A substantial proportion of our sample was recruited through a registry of adult ADHD patients who applied for stimulant treatment (Johansson et al. 2008). Therefore, some recruitment bias could be present in our sample. It may be that our patients had more severe ADHD symptoms as compared to the “average” ADHD patients, and severity has been shown to be a positive predictor of MPH response (Buitelaar et al. 2011; Victor et al. 2014). However, the patients with the greatest symptom burden are also the most functionally impaired, and would therefore perhaps be the ones that could benefit the most from accurate genetic guidance of pharmacological therapy.

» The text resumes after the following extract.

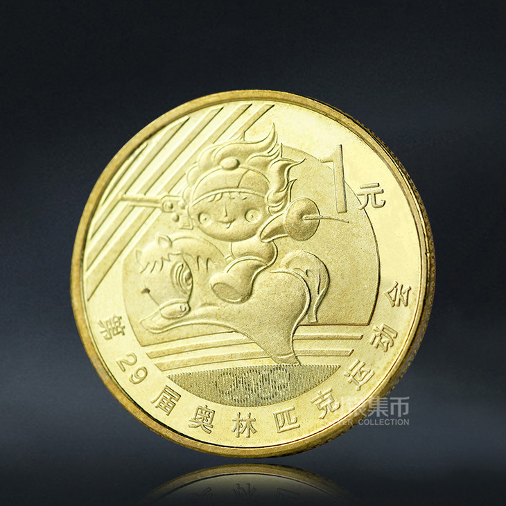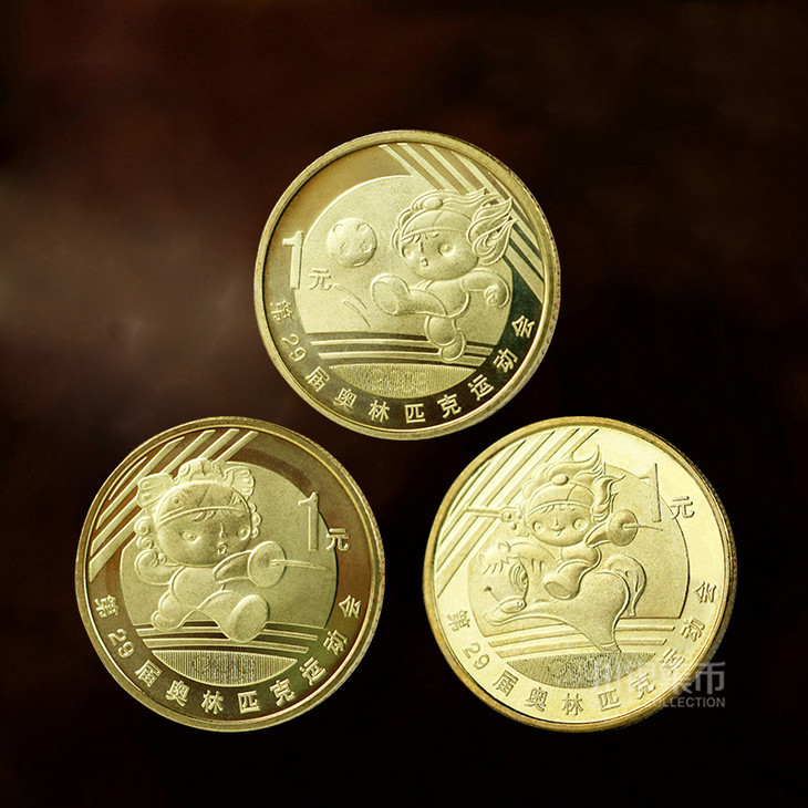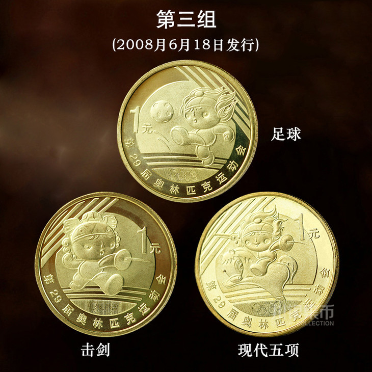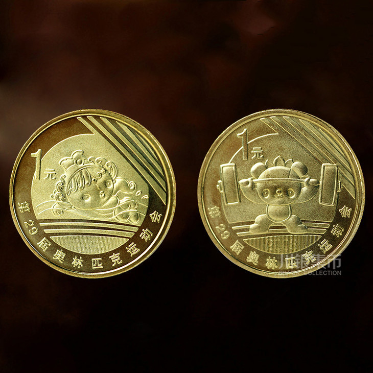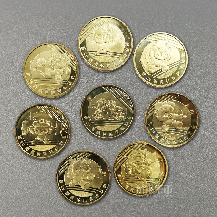 背面图案:为北京2008年奥林匹克运动会吉祥物福娃,举重、游泳、体操、射箭、乒乓球、足球、击剑、现代五项运动造型,左侧刊面值“1元”字样,下方刊“第29届奥林匹克奥运会”字样。

Finally, the strength of the association signals presented in the previous pharmacogenetic studies also affect the outcomes of this study. For instance, as several of the previously reported variants have only been tested in small and underpowered studies, false positive findings are likely. Moreover, some of the variants investigated in this study were tested for association with clinical response to MPH for the first time.

In summary, none of the examined variants reached the threshold for statistical significance after correction for multiple testing. The SNP rs1800544 in ADRA2A, revealed nominally significant association, but the direction of effect was the opposite to that reported in previous studies conducted in children and adolescents. As some of the examined variants represent the existing pharmacogenetic markers of MPH, also used in commercial tests, our results suggest that such tests cannot reliably predict treatment response in adult ADHD patients. Therefore, more research is warranted before these markers can be recommended for routine clinical use.